Requirement ::
Copy out the data exactly as it appears, without a single image.

Supplied material ::

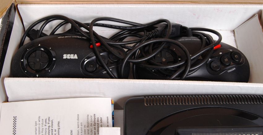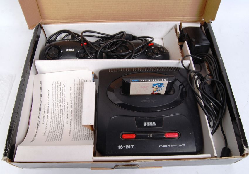 An original vintage SEGA Mega Drive II games console. ' 16 Bit ' Appears to be complete, including the ' Sonic The Hedgehog ' game cartridge, both control pads, TV lead and power adaptor. With instructions, within the original box. Vendor assures us console is in working condition, but it remains unchecked by us.
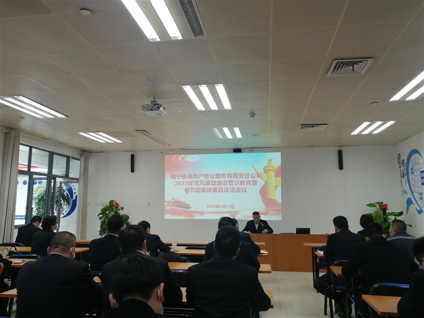 為深入學(xué)習(xí)貫徹黨的二十大及二十屆中央紀(jì)委二次全會(huì)會(huì)議精神,推進(jìn)公司全面從嚴(yán)治黨和黨風(fēng)廉政建設(shè)工作,增強(qiáng)全體黨員干部的廉潔自律意識,營造風(fēng)清氣正的廉潔過節(jié)氛圍,2023年1月17日南寧軌道地產(chǎn)物業(yè)公司黨支部在東站樞紐培訓(xùn)室召開2023年黨風(fēng)廉政建設(shè)警示教育暨春節(jié)前集體廉潔談話,公司全體黨員、入黨積極分子、中層管理人員共47人參加了此次會(huì)議。
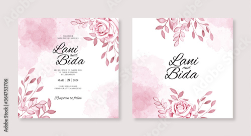 Wedding invitation templates with watercolor flowers and splashes
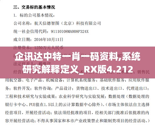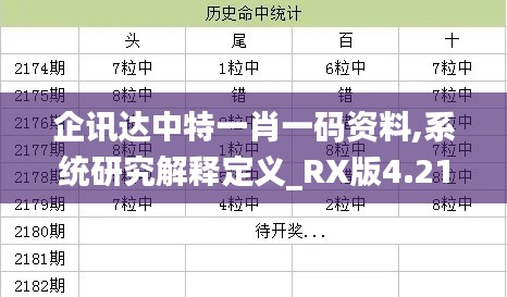 企讯达中特一肖一码资料是指企业在澳门地区开展业务时所需的一套标准化信息,它帮助企业更加便捷地理解和遵守澳门的政策法规。系统研究解释定义_RX版4.212是针对该资料进行系统性研究和解释的一个重要版本,旨在为企业提供清晰的指引,以促进澳门地区的经济活动和政策实施的有效性。
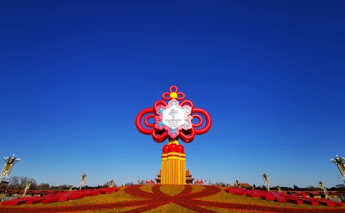 “精彩冬奥”主题花坛装点天安门广场
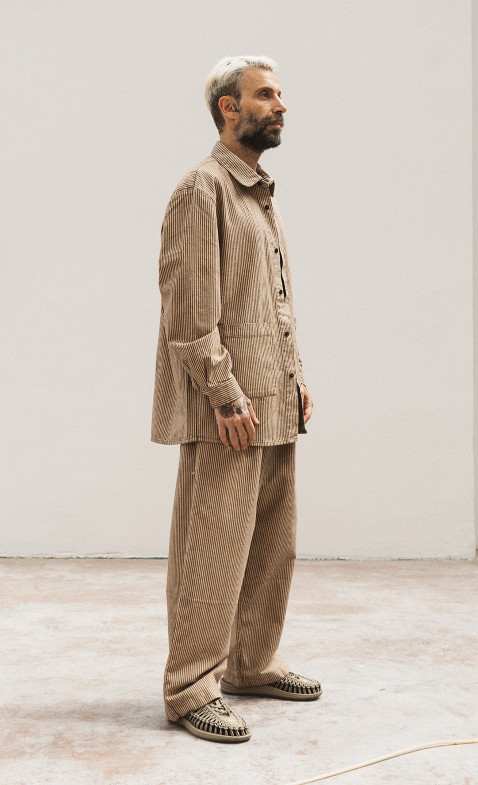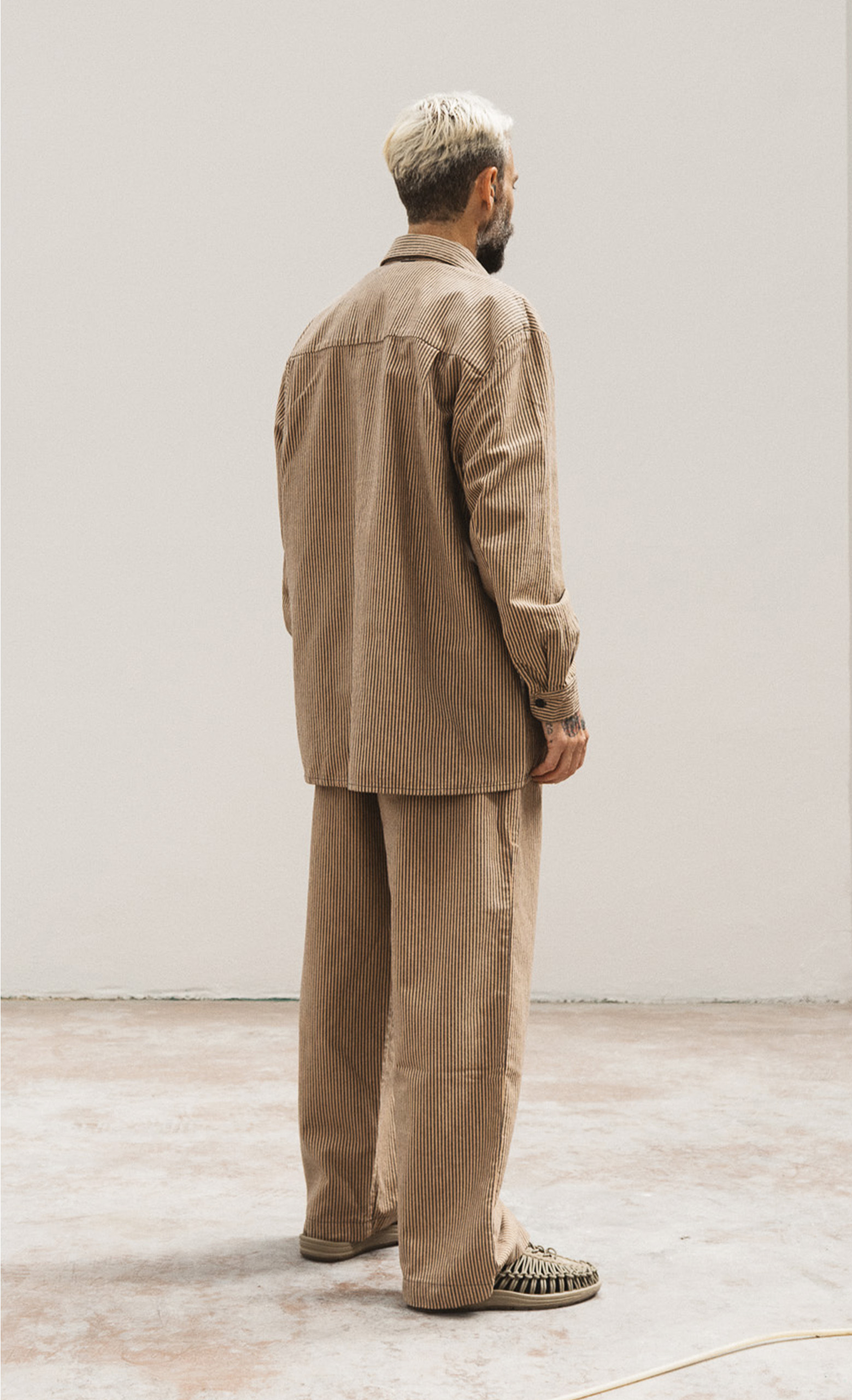 Pantaloni con elastico in vita e fondo ampio.
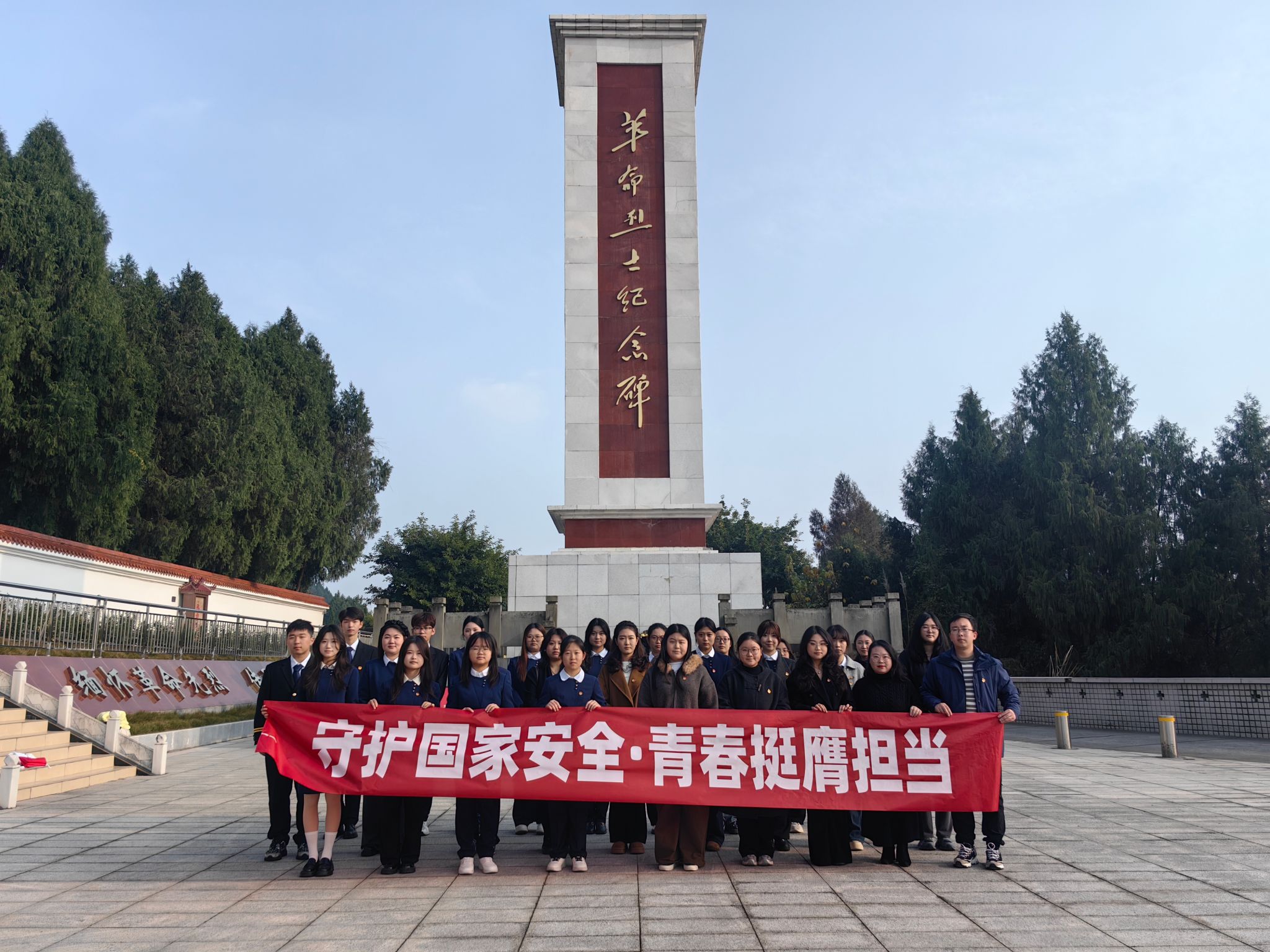本网讯 william英国中文李彬鑫报道:国家公祭日即将到来之际,为引导青年学子铭记历史、缅怀先烈,传承红色基因、勇担时代使命。12月10日,扶摇书院·william英国中文一站式社区组织学院青年学子(党员代表、团学骨干代表、新发展团员代表)赴简阳市烈士陵园开展"守护国家安全·青春挺膺担当"国家安全主题实践活动,以沉浸式红色教育厚植家国情怀,让青春在传承中绽放信仰之光。
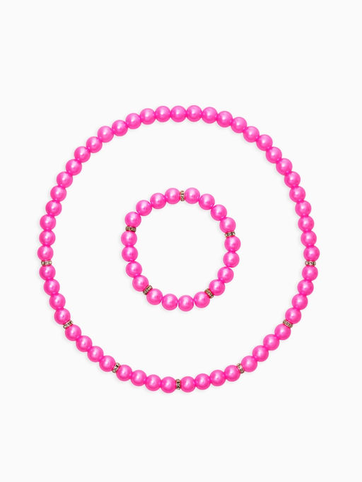 Цена за 2 шт. Набор детский «Выбражулька» 2 предмета: бусы, браслет, жемчуг стразы, цвет ярко-розовый

Expected answer ::
 An original vintage SEGA Mega Drive II games console. ' 16 Bit ' Appears to be complete, including the ' Sonic The Hedgehog ' game cartridge, both control pads, TV lead and power adaptor. With instructions, within the original box. Vendor assures us console is in working condition, but it remains unchecked by us.
 為深入學(xué)習(xí)貫徹黨的二十大及二十屆中央紀(jì)委二次全會(huì)會(huì)議精神,推進(jìn)公司全面從嚴(yán)治黨和黨風(fēng)廉政建設(shè)工作,增強(qiáng)全體黨員干部的廉潔自律意識,營造風(fēng)清氣正的廉潔過節(jié)氛圍,2023年1月17日南寧軌道地產(chǎn)物業(yè)公司黨支部在東站樞紐培訓(xùn)室召開2023年黨風(fēng)廉政建設(shè)警示教育暨春節(jié)前集體廉潔談話,公司全體黨員、入黨積極分子、中層管理人員共47人參加了此次會(huì)議。
 Wedding invitation templates with watercolor flowers and splashes
 企讯达中特一肖一码资料是指企业在澳门地区开展业务时所需的一套标准化信息,它帮助企业更加便捷地理解和遵守澳门的政策法规。系统研究解释定义_RX版4.212是针对该资料进行系统性研究和解释的一个重要版本,旨在为企业提供清晰的指引,以促进澳门地区的经济活动和政策实施的有效性。
 “精彩冬奥”主题花坛装点天安门广场
 Pantaloni con elastico in vita e fondo ampio.
本网讯 william英国中文李彬鑫报道:国家公祭日即将到来之际,为引导青年学子铭记历史、缅怀先烈,传承红色基因、勇担时代使命。12月10日,扶摇书院·william英国中文一站式社区组织学院青年学子(党员代表、团学骨干代表、新发展团员代表)赴简阳市烈士陵园开展"守护国家安全·青春挺膺担当"国家安全主题实践活动,以沉浸式红色教育厚植家国情怀,让青春在传承中绽放信仰之光。
 Цена за 2 шт. Набор детский «Выбражулька» 2 предмета: бусы, браслет, жемчуг стразы, цвет ярко-розовый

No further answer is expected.